Is there a way to make the clean_mem command perform automatically?
Say in intervals of every fiveteen minutes, or prefferable maybe, by somehow letting the server do it itself when a certain stage has been reached, where clean_mem or however it goes internally would be applied as needed by the system?
Maybe set up a cron job?
crontab -e
minute hour day-of-month month day-of-week command
For all the numbers you can use lists eg, 5,34,55 in the first field will mean run at 5 past 34 past and 55 past what ever hour is defined.
You can also use intervals, they are defined like this: */20 this example means every 20th and if in the minutes column this will be equivalent to 0,20,40
So to run a command every monday at 5:30 in afternoon:
30 17 * * 1 /usr/bin/somedirectory/somecommand
or every 15 minutes
*/15 * * * * /usr/bin/somedirectory/somecommand
or pr user
*/15 * * * * root /usr/bin/somedirectory/somecommand
Note that the day-of-week goes from 0-6 where 0 is sunday.
You can see the contents of the user crontab with crontab -l.
or every 15 minutes
*/15 * * * * /usr/bin/somedirectory/somecommand
Well I assume crontab is already installed with the quickbox.io installation then?
The command, half of it I understand the other half leaves me puzzled. But for me most importantly
, it just has to work.
So the text quoted would suite my needs however how do I find the folder where the command of clean_mem in this case is located, and how do I boot the sequence.
Just by typing: “sudo crontab -e” && "/15 * * * * /usr/bin//clean_mem
?
Thanks for the quick reply btw
Also but wondering if this is for a different thread. If it is tell me please.
Is there something I could configure differently where the memory issue wouldn’t arise or just auto clean that cache somehow?
It seems weird to me that one would have to manually put in the command wheter from an apt script or otherwise.

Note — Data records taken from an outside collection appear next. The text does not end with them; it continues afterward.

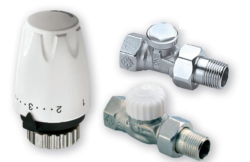 Hlavice DX Bílá + přímý ventil V-exakt 1/2" + přímé šroubeni Regulux 1/2" - pro připojení těles Klasik a koupelnových žebříků.
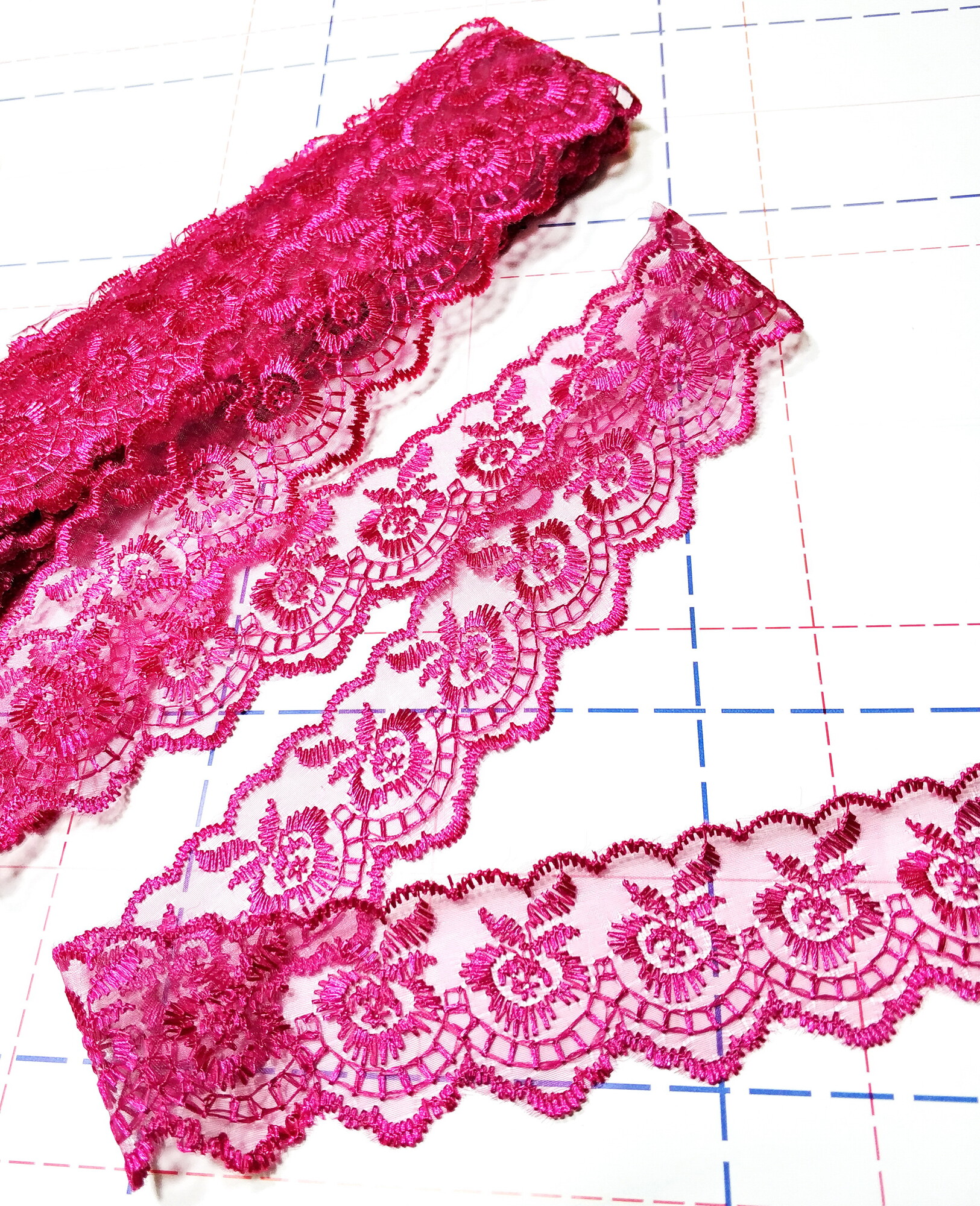 - 35-45мм Кружево на шифоне 9,1 (+-0.5) м/боб Малиновый
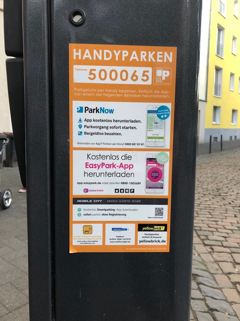 Schon vor vielen Jahren klebten bei uns in Köln an den Parkscheinautomaten Aufkleber, die auf ein irgendwie geartetes Zahlen des Parkscheins per Handy hingewiesen haben. Da ich jahrelang kein eigenes Auto hatte, habe ich mich damals nicht so intensiv damit beschäftigt. Handy-Parken, wie das offiziell heißt, ist außer in Köln noch in vielen anderen Städten verfügbar. Das Ganze ist eine Art Plattform, an der sowohl die Kommunen als Anbieter der Parkplätze als auch die Anbieter der erforderlichen Apps teilnehmen. Hier gibt es eine Übersicht, wo man mit Handy-Parken parken kann.
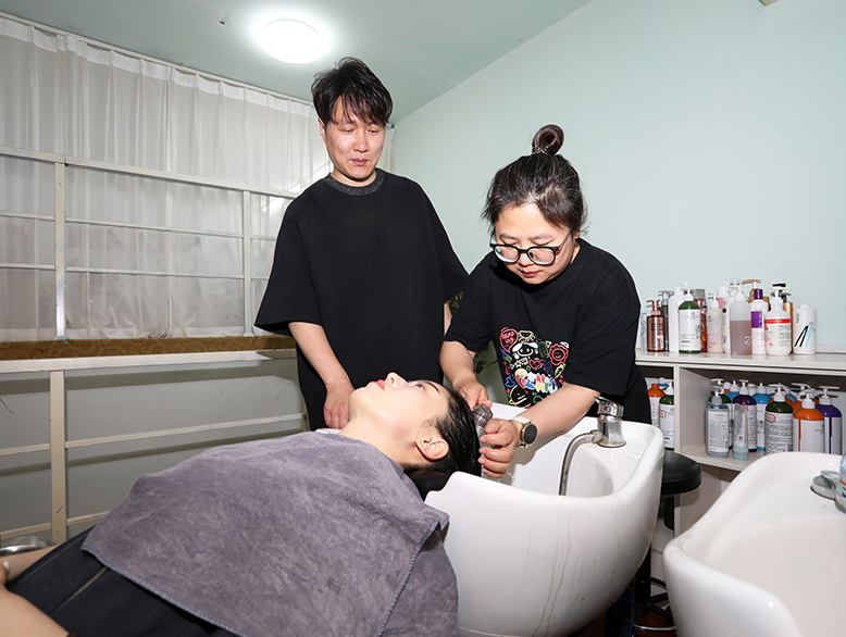 溫?zé)岬乃鲝膰婎^傾瀉而下,輕柔浸潤顧客發(fā)絲,記者屏氣凝神,指尖帶著試探性的力道,緩緩揉搓顧客頭皮,聲音里藏著忐忑:“這個力度合適嗎?”隨著時間的推移,記者的動作變得笨拙。一旁的曹家國見狀寬慰:“剛開始都這樣,等練出肌肉記憶,自然就得心應(yīng)手了。”
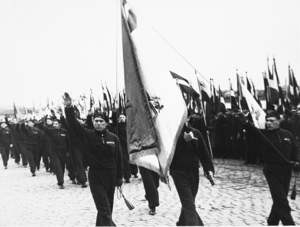 Ministru prezidenta Kārļa Ulmaņa Valsts prezidenta amata pārņemšanas dienā 1936. gada 11. aprīlī Daugavmalā, pa 11. novembra bulvāri iet svinīgās tautas manifestācijas dalībnieki.
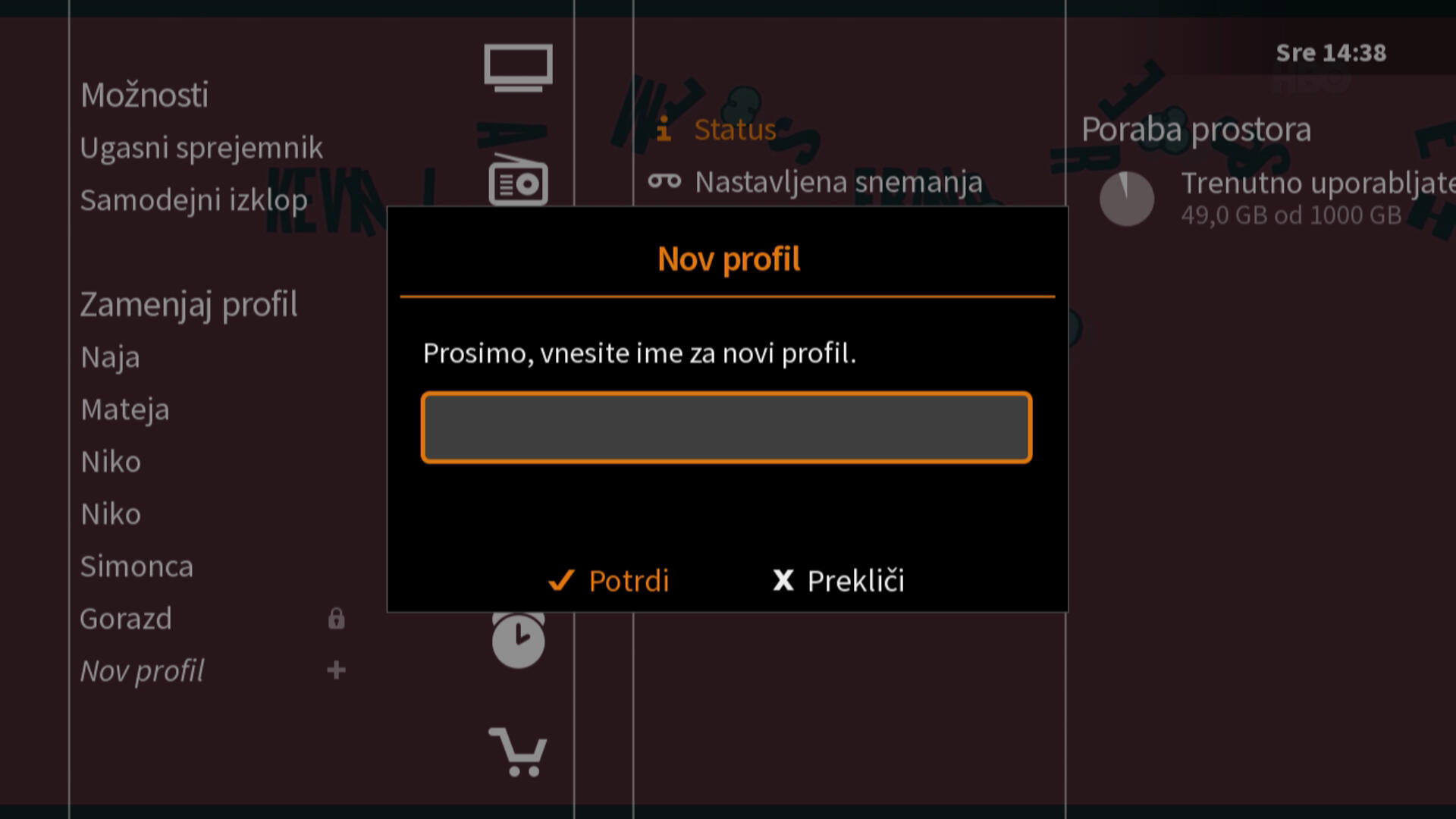 Izberete si ime in potrdite s tipko OK. Poimenujete ga lahko po osebi (Mojca, Romana, Uroš..), ali po izbiri žanra (filmski, risanke, za najmlajše …), lahko pa tudi po prostoru (dnevna soba, spalnica, kuhinja ..).

Just because bars topping doesn´t mean anything bad - its´just how linux runs as far as I remember. It has also been mentioned else where
"So the text quoted would suite my needs however how do I find the folder where the command of clean_mem in this case is located, and how do I boot the sequence.
Just by typing: “sudo crontab -e” && “/15 * * * * /usr/bin//clean_mem”

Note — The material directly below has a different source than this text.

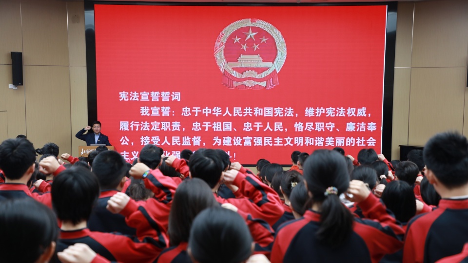 12月4日,我国迎来第十二个国家宪法日。北京师范大学附属中学以“青春与宪法同行”为主题,精心策划并开展法治教育周系列活动,通过沉浸式、互动式的学习体验,让宪法精神可感可知,在青少年心中落地生根。
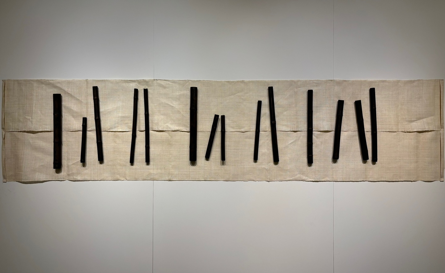 남희조, Empty and Fullness, 2024, Hemp, Burnt Bamboo, 293×68cm (사진=김호정 기자)

Is this answered elsewhere or was that not what you meant?
Why would you want to clear the cache mem so often? Performance wise you wont win anything from it. You’ll only slow your server down
This exactly. I would not advise you creating a cron to clean your cached memory that often. This is merely a courtesy function that has been included if someone really needs to clear out their cached mem, for whatever reason. pay attention to Real Memory usage and not cached or physical.
You can find an explanation here and here for more info… I will also create a FAQ in this regard as a lot of people seem confused as to what this is exactly.